In his book “A Republic, If You Can Keep It,” Neil Gorsuch rhetorically asked if there was ever a reason to “only sometimes adhere to the original meaning of the Constitution?” His answer to himself was: “I can think of none.”
Originalism predates the Federalist Society. At his confirmation hearings in 1967, Thurgood Marshall was asked if the role of the Supreme Court should be “simply to ascertain and give effect to the intent of the framers.” Marshall said yes, but added a caveat “with the understanding that the Constitution was meant to be a living document.”
The late Supreme Court Justice Antonin Scalia, also a member of the Federalist Society, maintained that only “an idiot” would regard the Constitution as a “living organism” until belatedly seeing the light and repudiating that stance shortly before his death in 2016.
When Roe v. Wade was upheld by the Supreme Court in 1972 – with five of the seven consenting justices Republican administration appointees and a Democratic appointee one of the two dissenters – Robert Bork argued the majority erred in its decision because it legitimized a right to privacy that could be found nowhere “in the Constitution by any standard method of interpretation.” (Bork, an avowed opponent of civil rights legislation and an advocate of expanding the executive power of presidents, would be denied confirmation as a Supreme Court justice by a Democratic-controlled Senate in 1987 after being nominated by Ronald Reagan.)
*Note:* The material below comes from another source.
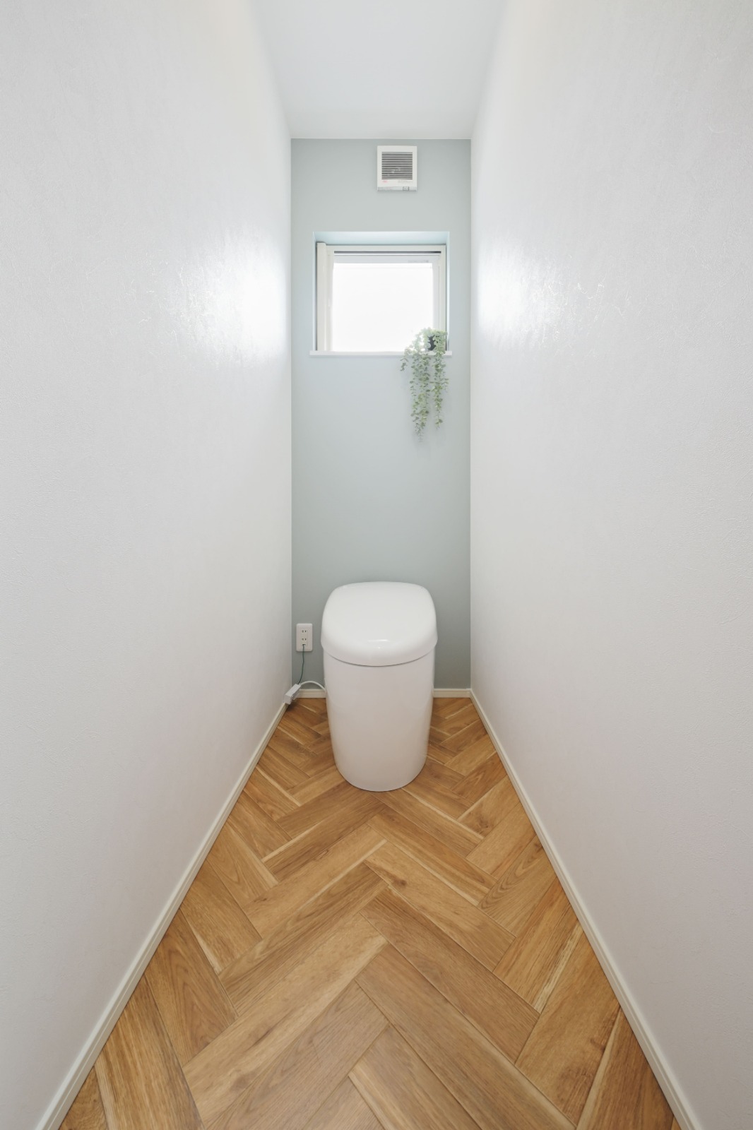 タンクレストイレを採用されました。水色のアクセントクロスでさわやかな印象に。

But the nitpicking originalists and Federal Society members are hypocrites. They are not the strict Constitutionalists they pretend to be. They’re cherry-pickers, arguing against amendments and laws they don’t like and championing post-Constitution amendments and laws that fit their political views, such as the right to bear arms. That’s the Second Amendment in the Bill of Rights, by the way. Their arguments that the Constitution as originally written is perfect and sacrosanct, that it is not up to us to guess what the Founding Fathers might have been thinking beyond the words they wrote, and the Federalist Society’s assertion that the “duty of the judiciary to say what the law is, not what it should be” is pure hooey.
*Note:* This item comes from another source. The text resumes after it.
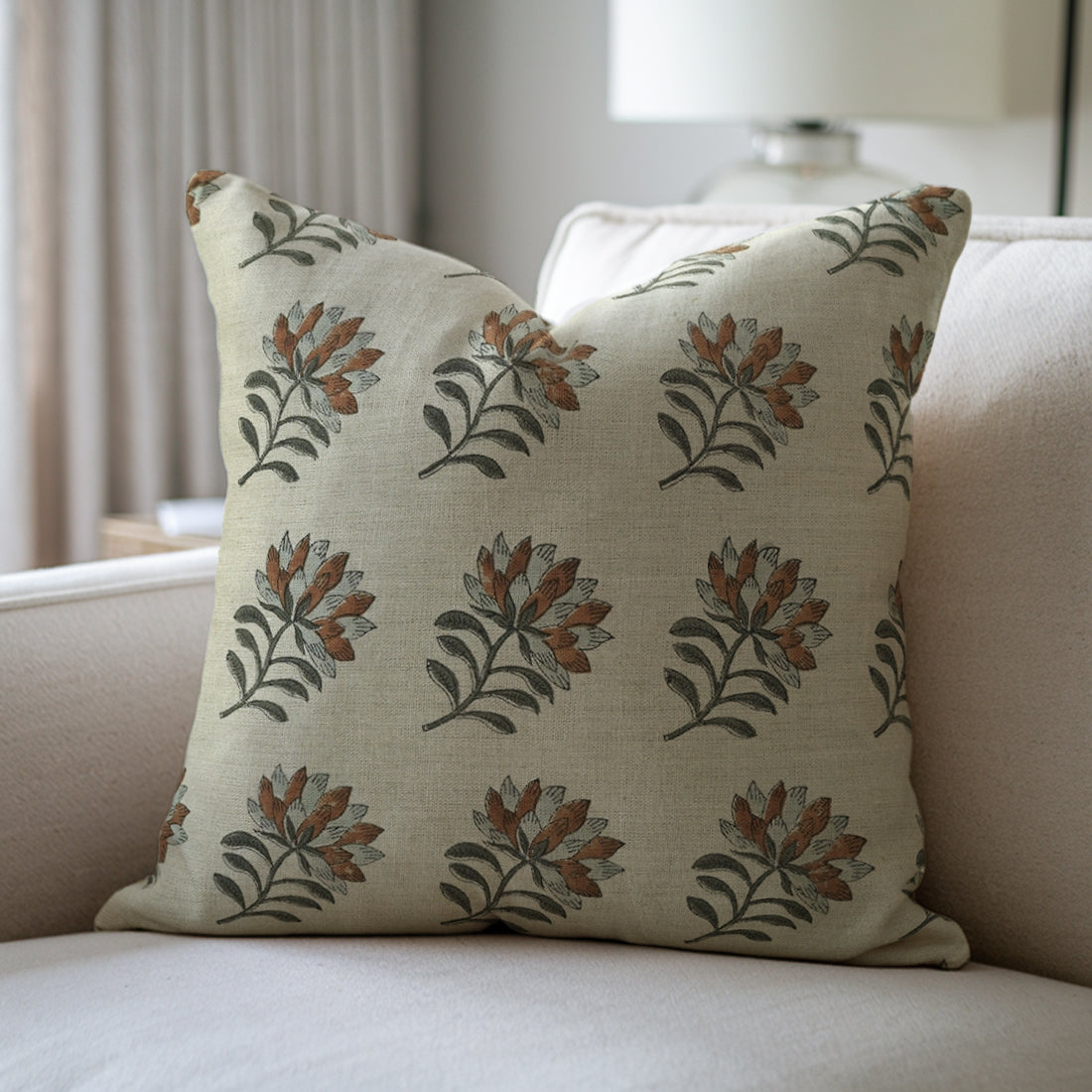 Farmhouse Floral Designer Pillow Cover – Handmade Indian Block Printed Linen Blend - Rohini Brown

Supreme Court Justice Samuel Alito even admits he cherry-picks when it comes to interpreting the Constitution and characterizes himself as a “practical originalist.”
The fact is the Founding Fathers recognized almost immediately that the Constitution as originally written was flawed, which was why the Bill of Rights with the first 10 Amendments were added barely a year after the document had been ratified. If the Federalist Society was sincere in its creed, then the Second Amendment and all 27 amendments are unconstitutional. Supreme Court Justice Clarence Thomas, an originalist and the descendant of slaves, should resign because slaves were declared to be property and not citizens. He would never have been in a position to be appointed to the Supreme Court in the first place.
It is obvious the Founding Fathers, who could not have imagined what the modern world would be like more than 230 years later, were not strict originalists themselves and by adding the Bill of Rights were tacitly conceding the Constitution should be elastic to keep in step with the changing times.
If the Constitution in its original form were strictly adhered to, this would not be the United States of America.
This would be Iran.

(An article in the March 1, 2020 edition of the New York Times Magazine was used as a primary source for this essay.)

1 thought on “NITPICKERS AND CHERRY-PICKERS”

  1. I think, as soon as trump is out of office, the legal sharks will be ripping him to shreds with lawsuits until the day he dies!